Corporate Governance and Labour Unions
Corporate Governance and Labour Unions
1 Dec 2025
The Corporate Governance Code (CGC) sets out the principles and guidelines that listed companies should refer to in implementing corporate governance. In Japan, it was formulated and published by the Financial Services Agency and the Tokyo Stock Exchange in March 2015, and applied to all listed companies in June of the same year.
At the Exchange of Views between Government, Labour and Management held on November 25, RENGO President Tomoko Yoshino offered the following view on the CGC, now in its tenth year: “Corporate governance that places excessive emphasis on shareholders must be reconsidered. Management resources have not been sufficiently allocated toward investment in people, resulting in Japan’s wage levels stagnating internationally. The CGC should be revised to promote investment in people, research and development, and capital investment, while enhancing disclosure related to human capital investment, in order to raise corporate value over the medium to long term.”
Similarly, reflecting on the ten years since the introduction of the Corporate Governance Code, Ryutaro Kono, Chief Economist at BNP Paribas Securities, made the following observations in the November 28 edition of the Asahi Shimbun.
He noted that between 1998 and 2024, ordinary profits of Japanese companies grew by a factor of 5.4, stock prices rose, and dividends to shareholders increased ninefold. In contrast, domestic investment rose only 38%, domestic sales 22%, and personnel expenses a mere 12%. “This is the objective assessment,” he stated.
Today, corporate managers tend to view maximizing shareholder value as their primary responsibility, with employee wages failing to rise even when profits increase. Kono has argued that the proper direction is to establish governance that maximizes the collective interests of employees, suppliers, creditors, and local economies.
What is lacking, as Kono has stated, is an understanding that capital markets function in complementarity with broader social and economic institutions. Pressure to deliver short-term profits has driven management toward excessive cost-cutting, undermining the accumulation of human capital. Adopting American-style governance without regard to Japan’s institutional differences has produced serious inconsistencies. (Quotes above)
Corporate Governance Code: Fundamental Principles 1 and 2
Principle 1: Ensuring the Rights and Equal Treatment of Shareholders
Companies should take appropriate measures to fully secure shareholder rights and develop an environment in which shareholders can exercise their rights appropriately and effectively. In addition, companies should secure effective equal treatment of shareholders. Given their particular sensitivities, adequate consideration should be given to the issues and concerns of minority shareholders and foreign shareholders for the effective exercise of shareholder rights and effective equal treatment of shareholders.

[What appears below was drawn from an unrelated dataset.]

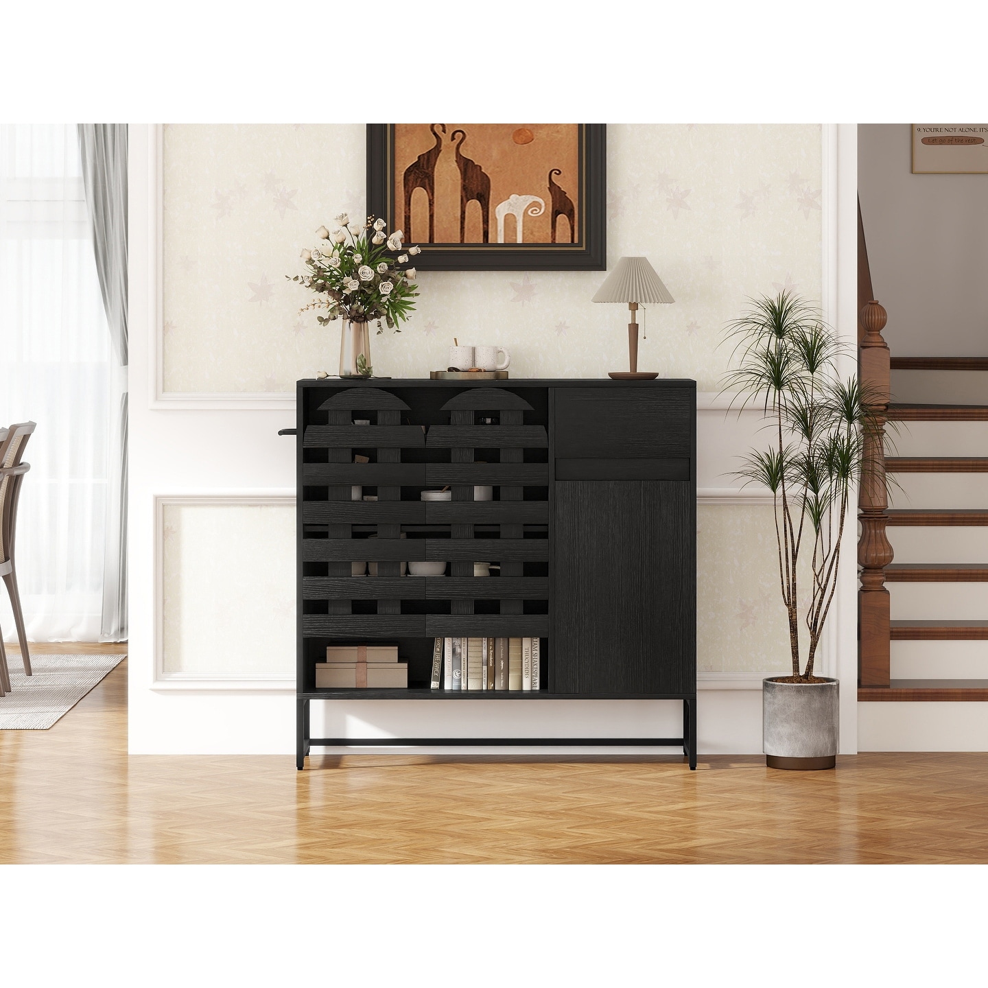 44.49" Black Buffet Cabinet – Woven/Arched Doors, Adjustable Multi-layer Storage, Metal Legs, Woven Door & Drawer.
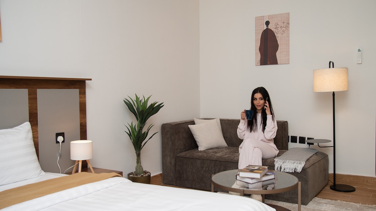 Witamy w Y, przestronnym i nowo wybudowanym luksusowym mieszkaniu w Khobar, zaledwie kilka minut od Bahrain Causeway. Ten elegancki ośrodek wypoczynkowy ma jedną sypialnię, pokój gościnny i nowoczesną łazienkę, wszystkie zaprojektowane z myślą o wygodzie i stylu. Dzięki hojnemu układowi i wysokiej klasy wykończeniom, Y jest idealnym miejscem dla podróżnych szukających przestrzeni i relaksu . Ciesz się łatwym dostępem do restauracji, sklepów i głównych autostrad lub zrelaksuj się w swoim spokojnym, nieskazitelnym sanktuarium. Niezależnie od tego, czy podróżujesz służbowo, czy rekreacyjnie, Y obiecuje niezapomniany pobyt.

Principle 2: Appropriate Collaboration with Stakeholders Other Than Shareholders
Companies should fully recognize that their sustainable growth and the creation of mid- to long-term corporate value are brought as a result of the provision of resources and contributions made by a range of stakeholders, including employees, customers, business partners, creditors and local communities. As such, companies should endeavor to appropriately cooperate with these stakeholders. The board and the management should exercise their leadership in establishing a corporate culture where the rights and positions of stakeholders are respected and sound business ethics are ensured.
Principle 2 echoes the Three Principles of Productivity agreed upon in 1955 between the Japan Productivity Center and nine ministries, underscoring its enduring importance. The question is whether this principle is genuinely being fulfilled in practice.
Ten years after the CGC’s introduction, it has become clear—both from the tripartite dialogue and expert analysis—that a shareholder-centric governance model has contributed to stagnation in human capital investment and wage growth in Japan. Going forward, labour unions must strengthen their role within corporate governance as the “representatives of human capital.”
First, to enhance the effectiveness of Principle 2, which emphasizes collaboration with stakeholders other than shareholders, labour unions should urge companies to disclose and improve indicators of investment in people—such as expenditure on training, use of retained earnings, and the wage distribution ratio—and monitor companies to ensure that investment priorities do not tilt excessively toward shareholder returns.
Second, labour unions should provide management with perspectives that position “long-term corporate value” in relation to wages, employment, and human resource development, thereby functioning as a corrective force against decisions driven solely by short-term profits. Given Japan’s low labour mobility compared with the United States, unions play an indispensable role in ensuring the accumulation of human capital within firms.
Third, unions should promote mechanisms that expose decision-making processes related to human capital to external scrutiny. In particular, strengthening dialogue with institutional investors operating under the Stewardship Code is essential for forming a shared understanding—not only with corporate managers but also with investors—that investment in human resources is the foundation of corporate value.
In these ways, labour unions should play a more strategic and proactive role in transforming the CGC from a framework focused primarily on shareholders into one that supports sustainable growth for society as a whole.